So, because I can't stop thinking about the bridesmaid dress I decided to email the bride and share that I now have a EDD and that baby on screen is looking a bit bigger then DS so I'm worried about fitting the dress slight exagerration but could be true?! She's replied today and says don't worry she's got two sizes so plenty of material to make adjustments. So, basically I have to give myself a slap and except that maybe quite likely I will look like a frozen character puffball but I've really got to suck it up and except that's the look she obviously wants so that's what the bride gets. It's bad luck but that's it. I've given her plenty of chances to realise I will look ridiculous and this scenario she's put herself in could potentially be really stressful 2 weeks before her wedding but she wants it this way and now I have to except it. This is so hard for me. I'm a control freak and thinking so much too much about this is driving me nuts
I now shall sing "let it go, let it go" for the rest of the day! Maybe that will give me closure 
On another note. Can I ask for your advice ladies...
So, one of my sisters is 3 years older then me (37) She's single, still lives her life like a student and is desperate to find a husband and have kids. She's had a lot of first online dates but never gets a 2nd chance. I'm very fond of her but she does have terrible mood swings possibly bipolar and sometimes I have to keep my distance to safeguard my family. She's amazing with my son and she's great with kids. However, when I told her I was pregnant with bpear she totally backed away and I barely saw her for 7 months. It was very hard for me but I was patient and once bpear was born she wanted to see me again.

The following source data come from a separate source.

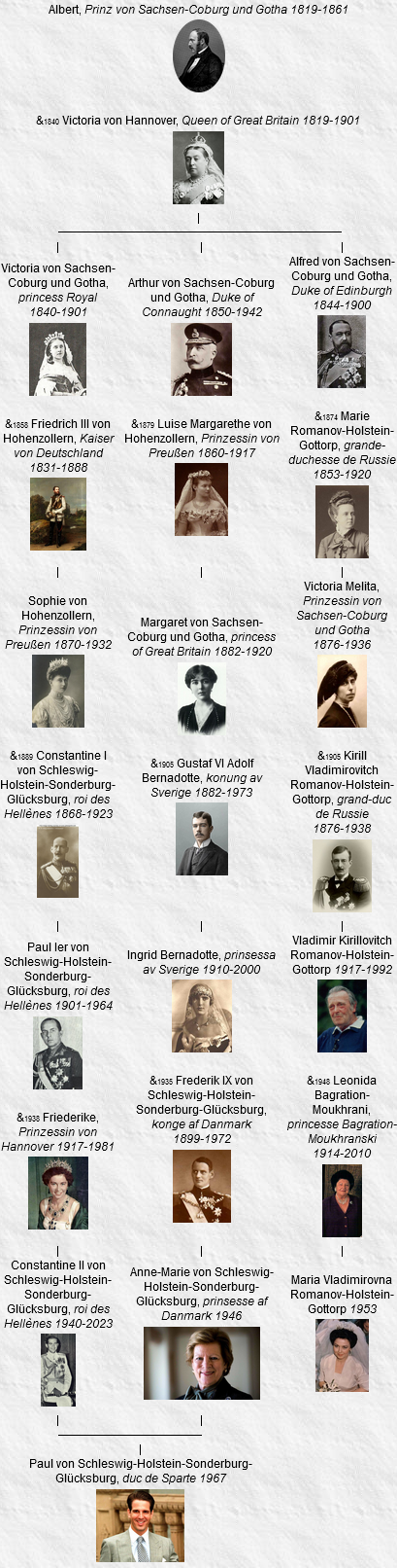 - Victoria, née le 21 novembre 1840, Buckingham, London (England), décédée le 5 août 1901, Friedrichshof (Deutschland), inhumée, Potsdam (D) (Friedenskirche) (à l’âge de 60 ans). Voir 19.
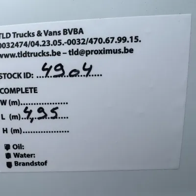 General information Type of body: Delivery van Year of construction: 2006 Cab: single Reference number: 4904 Drivetrain Type of fuel: Diesel Weights Empty weight: 2.055 kg GVW: 2.940 kg Condition General condition: very good Technical condition: very good Visual appearance: very good Financial information VAT/margin: VAT qualifying Additional information Please contact Thierry Leemans (+32474042305, tld@proximus.be) for more information BELGIAN VAN AIRCO VERRY CLEAN VAN
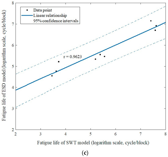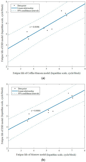 In order to investigate the linearity of fatigue life data, the linear relationship of the Pearson correlation is used to correlate the ESD model with the established strain–life model. Figure 14 illustrates the Pearson correlation between the models of ESD versus Coffin–Manson, Morrow and SWT, respectively. The result shows the fatigue life data is within a 95% confidence interval. Additionally, the coefficient of Pearson correlation is calculated and obtained: the coefficient values, r, for Coffin–Manson, Morrow and SWT models are 0.9091, 0.9396 and 0.9623, respectively. These values indicate that the fatigue life data is significantly linear correlated, as the coefficient values exceed 0.9. A value greater than 0.8 is considered to represent good correlated data [43]. As a result, the ESD model is applicable to be used in predicting fatigue life.
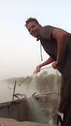 وثق مقطع فيديو مشهد رائع لصياد سوداني، بأحد أرياف السودان، يستعرض أول نتاج صيده في الصباح من الأسماك.

My question to you all is... How should I handle telling her my news this time? I'm so nervous because naturally she will find it harder as she's still in the same place in her life but now I'm moving on to my second child. Should I A) text her my news B) arrange to go for a walk next weekend and casually break it to her on the walk or C) announce it as we leave the cinema next Friday after watching the "how not to be single" movie 
Gawd
It sucks. 8 years a go she got mad that my oldest sister text her to say she was pregnant and she was annoyed that she text her but this is 8 years a go.
The walk is the kindest option isn't it? I wish I could just text her.